We can also generalize the notion of a differential equation.

Definition:

The differential equation ${\mathcal {L}}u=f$  is a differential equation in the sense of a distribution (i.e., in the weak sense) if $f$  and $u$  are distributions and all the derivatives are interpreted in the weak sense.

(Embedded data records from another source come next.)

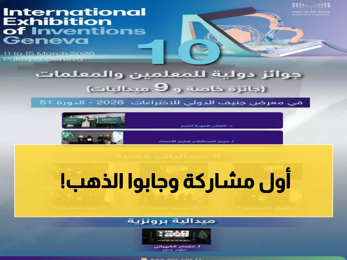 نسبة نجاح مذهلة بلغت 100%... هكذا دخل المعلمون السعوديون التاريخ من أوسع أبوابه! في إنجاز لم تشهده دورات معرض جنيف الدولي للاختراعات الـ51 السابقة، حقق كافة المشاركين من معلمي ومعلمات المملكة جوائز دولية في أول ظهور لهم على هذه المنصة العالمية المرموقة.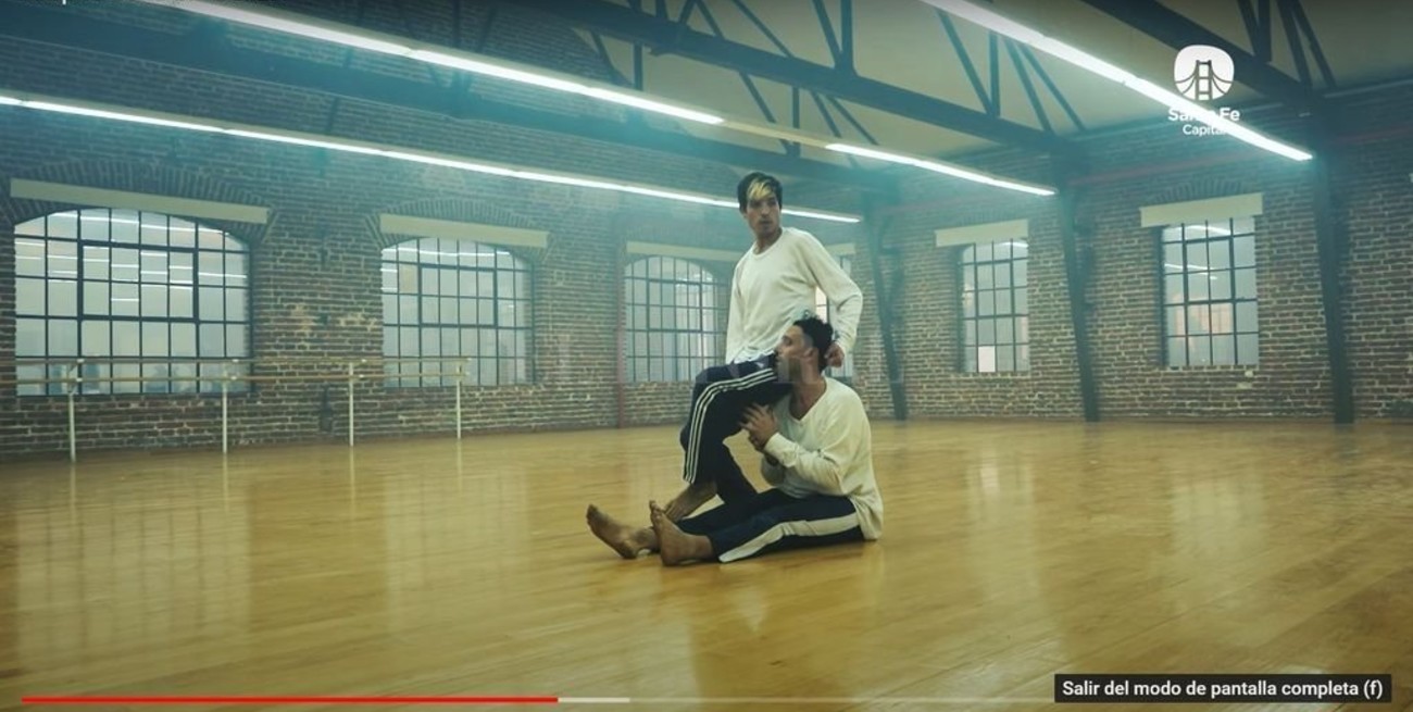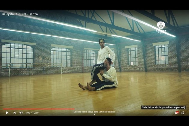 Captura canal de Youtube Capital Cultural Gastón Onetto y Antonio Rocha Testoni diagramaron para Capital Cultural una secuencia con elementos de danza contemporánea, acrobacia y teatro. Ambos integran la Compañía Rojo Cardumen y el grupo LAT.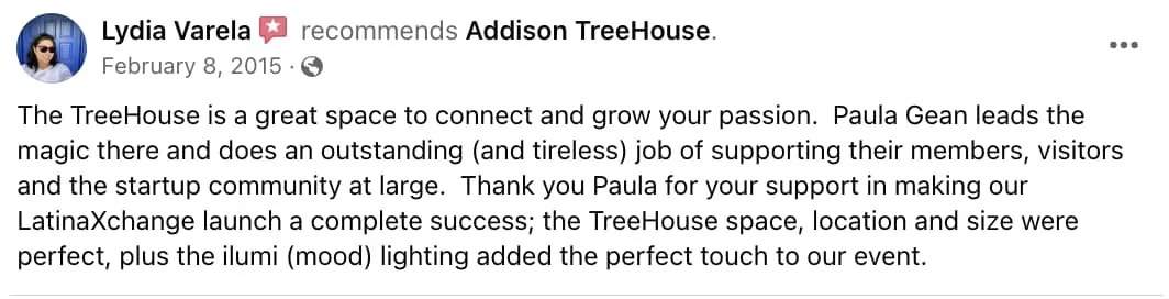The Addison Treehouse is a startup resource center and coworking space created by a public/private partnership between the Dallas Entrepreneur Center (DEC) and the Town of Addison’s Economic Development Department. I was hired by the DEC’s CEO as the inaugural executive director of the Treehouse with the priority to grow membership and branding.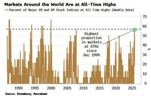 We are living in a moment where the highest percentage of global equity indexes are sitting at all-time highs since December 1999.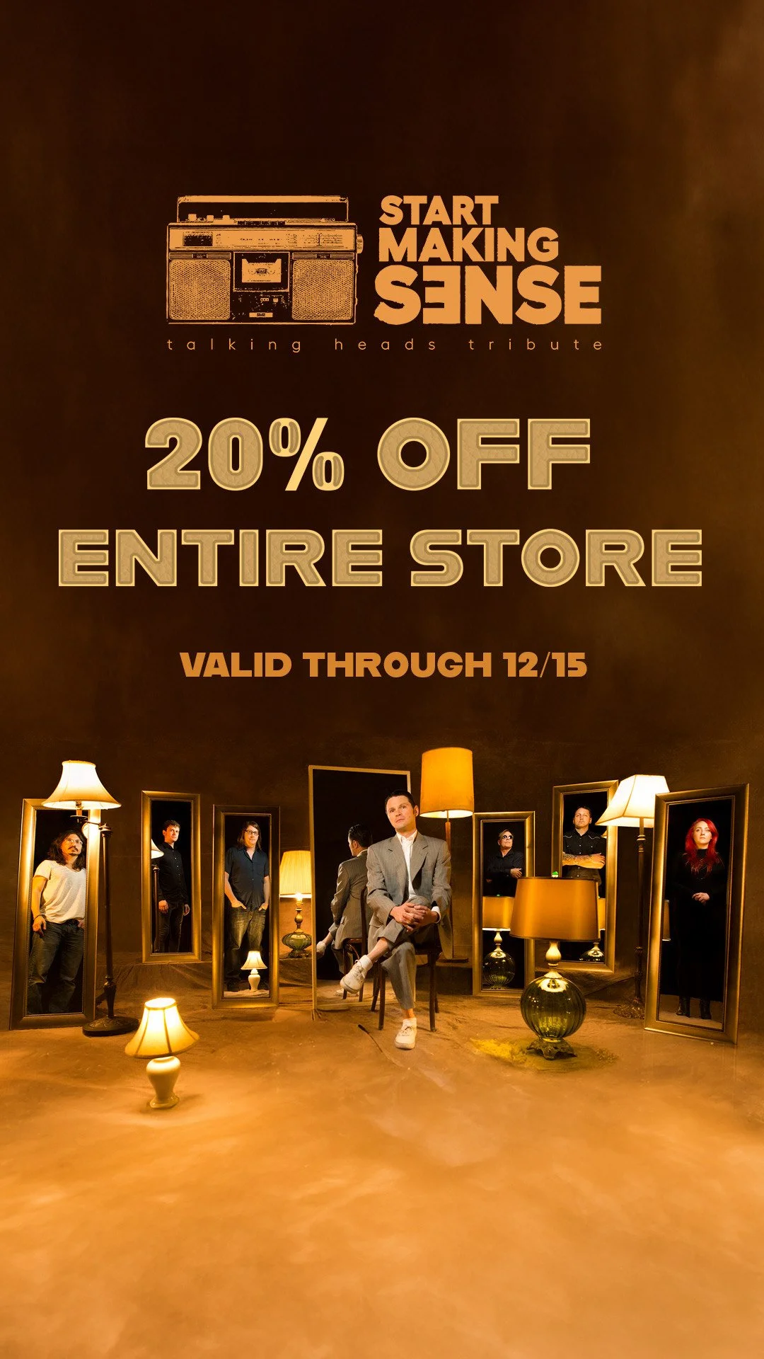 Goodbye 2019! What an amazing year for us. We were fortunate enough to be able to re-create Stop Making Sense at the Paramount Theatre, we had the honor of playing at Levon Helm Studios, The Burton Fall Bash, some amazing festivals and we were lucky enough to travel all over the country playing the music of Talking Heads at the best venues, to all of you beautiful people who enjoy it as much as we do. Thank you so much for coming out to all of the shows, plus all of the love, support and friendship you've shared with us this year (and the 9 years before that!). Now, everyone go see David Byrne's American Utopia on Broadway in 2020 before it's over!! It will blow your mind! Happy new year everyone. We’ve got plenty of amazing things in the works for 2020 and we'll see you all again in March - Start Making Sense

Suppose ${\mathcal {L}}$  is the generalized differential operator

${\mathcal {L}}=a_{n}(x){\cfrac {d^{n}}{dx^{n}}}+a_{n-1}(x){\cfrac {d^{(n-1)}}{dx^{(n-1)}}}+\dots +a_{0}(x)$

where $a_{i}(x)$  is infinitely differentiable.

We seek a $u$  such that

$\left\langle {\mathcal {L}}u,\phi \right\rangle =\left\langle f,\phi \right\rangle \qquad \forall \phi \in D$

which is taken to mean that

$\left\langle u,{\mathcal {L}}^{*}\phi \right\rangle =\left\langle f,\phi \right\rangle \qquad \forall \phi \in D~.$

Note that

$\left\langle a_{k}(x){\cfrac {d^{k}u}{dx^{k}}},\phi \right\rangle =\left\langle {\cfrac {d^{k}u}{dx^{k}}},a_{k}(x)~\phi \right\rangle =(-1)^{k}\left\langle u,{\cfrac {d}{dx^{k}}}[a_{k}(x)~\phi ]\right\rangle$

Therefore,

${\mathcal {L}}^{*}\phi =(-1)^{n}~{\cfrac {d^{n}(a_{n}\phi )}{dx^{n}}}+(-1)^{n-1}~{\cfrac {d^{(n-1)}(a_{n-1}\phi )}{dx^{(n-1)}}}+\dots +a_{0}~\phi ~.$

Here ${\mathcal {L}}^{*}$  is the formal adjoint of ${\mathcal {L}}$ . We can check that $({\mathcal {L}}^{*})^{*}={\mathcal {L}}$ . If ${\mathcal {L}}={\mathcal {L}}^{*}$  we say that ${\mathcal {L}}$  is formally self adjoint.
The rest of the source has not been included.